Data provided >>
━━━━━━━━━━

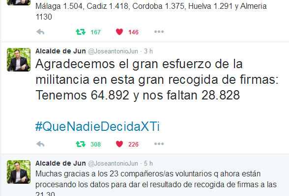 […] primer edil de Jun informa en su cuenta Twitter de que han recogido 64.892 firmas de militantes, entre ellos 192 alcaldes, y de que les faltan 28.828. Y es que según […]
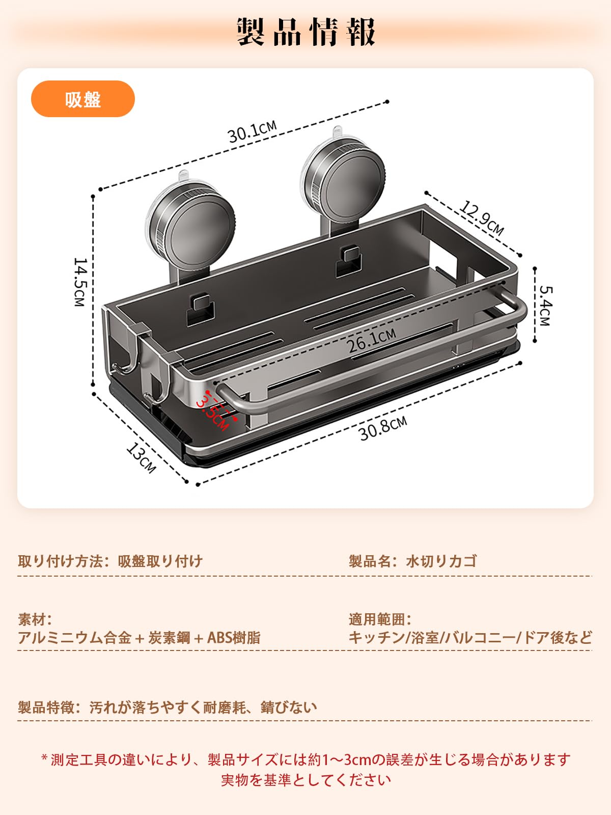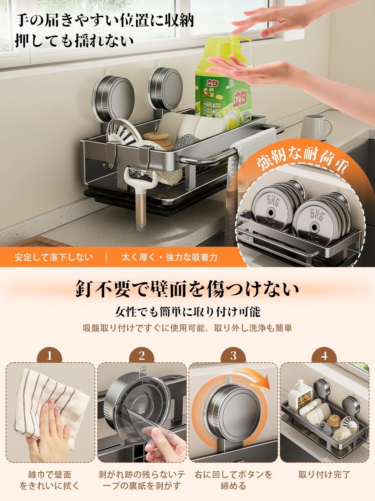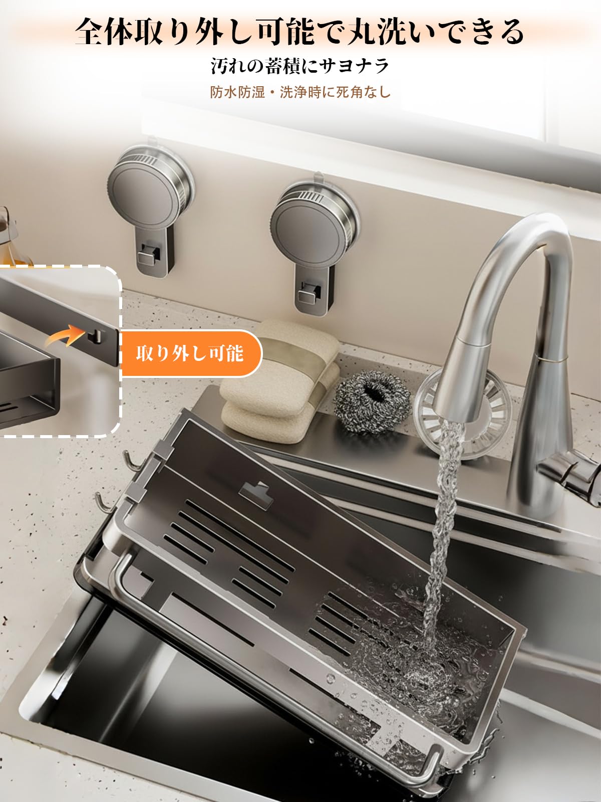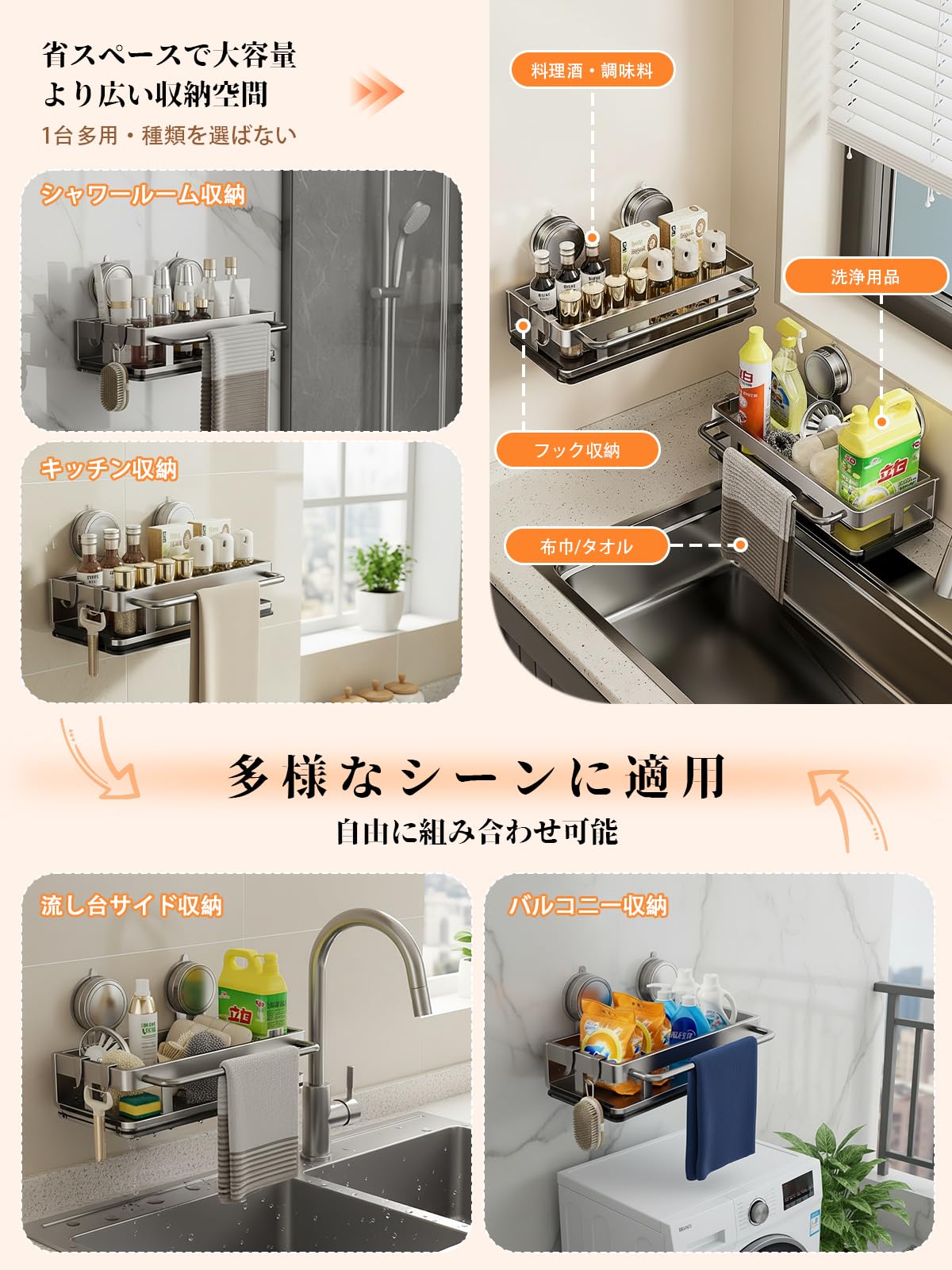 Aissiora スポンジホルダー 強力な吸盤ラック 真空吸着で落ちない スポンジホルダー 洗剤置き 収納トレイ ステンレス鋼 キッチンウォッシュツール収納キャディ 錆びにくいスポンジスタンド 可動式仕切り板付き シャンプー置き 壁掛け棚 バスルーム/洗面所/キッチン/浴室収納
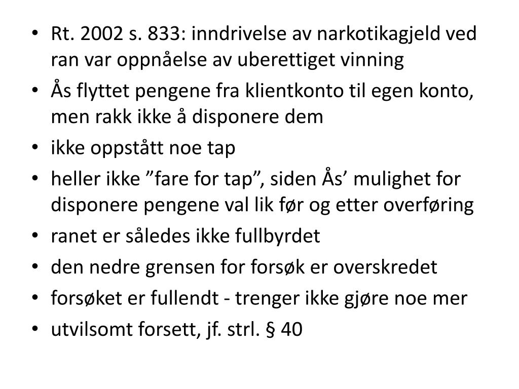 Rt. 2002 s. 833: inndrivelse av narkotikagjeld ved ran var oppnåelse av uberettiget vinning • Ås flyttet pengene fra klientkonto til egen konto, men rakk ikke å disponere dem • ikke oppstått noe tap • heller ikke ”fare for tap”, siden Ås’ mulighet for disponere pengene val lik før og etter overføring • ranet er således ikke fullbyrdet • den nedre grensen for forsøk er overskredet • forsøket er fullendt - trenger ikke gjøre noe mer • utvilsomt forsett, jf. strl. § 40
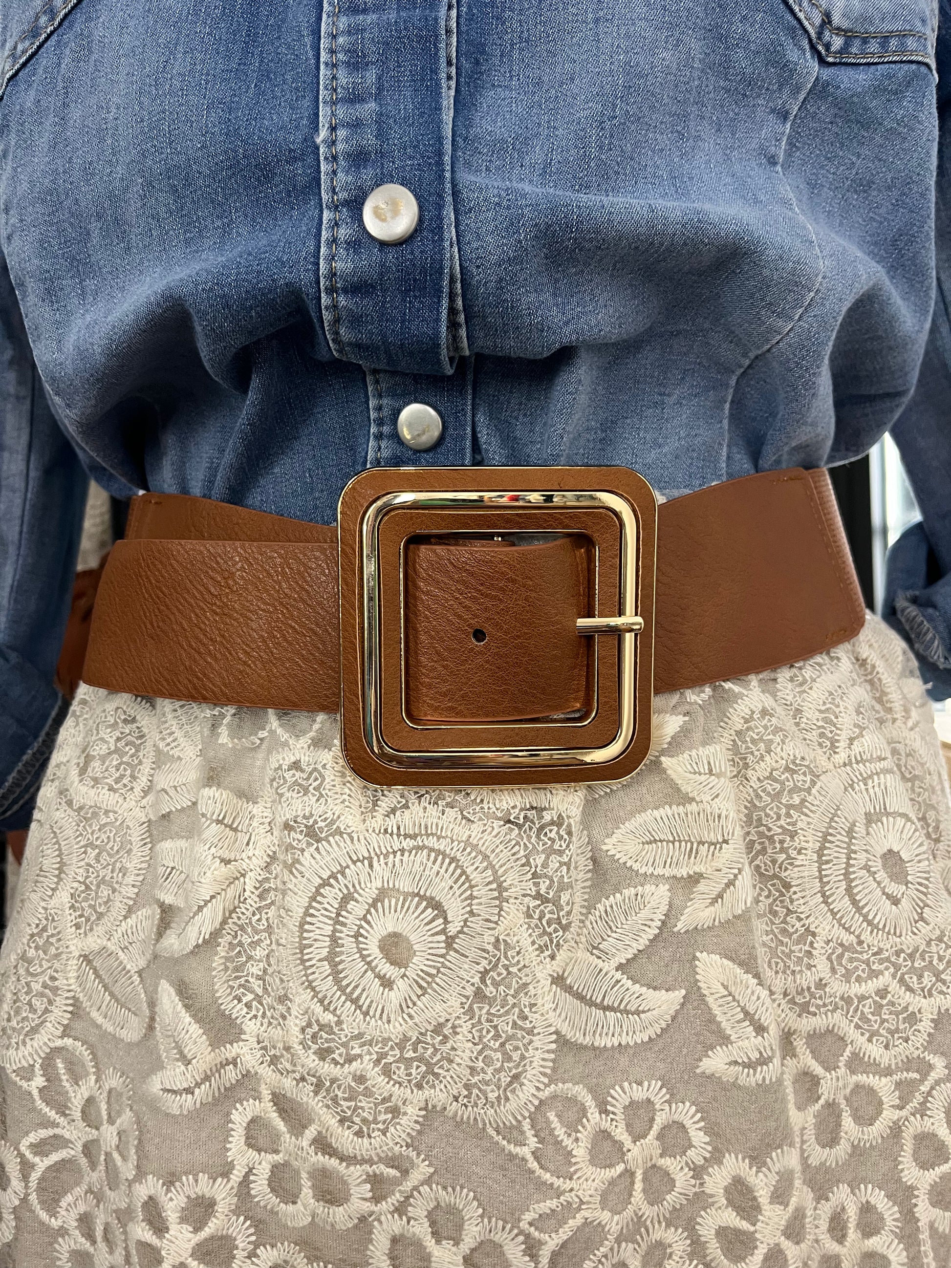 Gonna lunga in tulle tutto ricamato, foderata. Elastico in vita con passanti e cinturina in corda.

━━━━━━━━━━

Goal of the exercise >>
Leave the pictures out and please restate exactly the lines running from the start of the material through the one with "Aissiora スポンジホルダー 強力な吸盤ラック".

Answer space >>
 […] primer edil de Jun informa en su cuenta Twitter de que han recogido 64.892 firmas de militantes, entre ellos 192 alcaldes, y de que les faltan 28.828. Y es que según […]
 Aissiora スポンジホルダー 強力な吸盤ラック 真空吸着で落ちない スポンジホルダー 洗剤置き 収納トレイ ステンレス鋼 キッチンウォッシュツール収納キャディ 錆びにくいスポンジスタンド 可動式仕切り板付き シャンプー置き 壁掛け棚 バスルーム/洗面所/キッチン/浴室収納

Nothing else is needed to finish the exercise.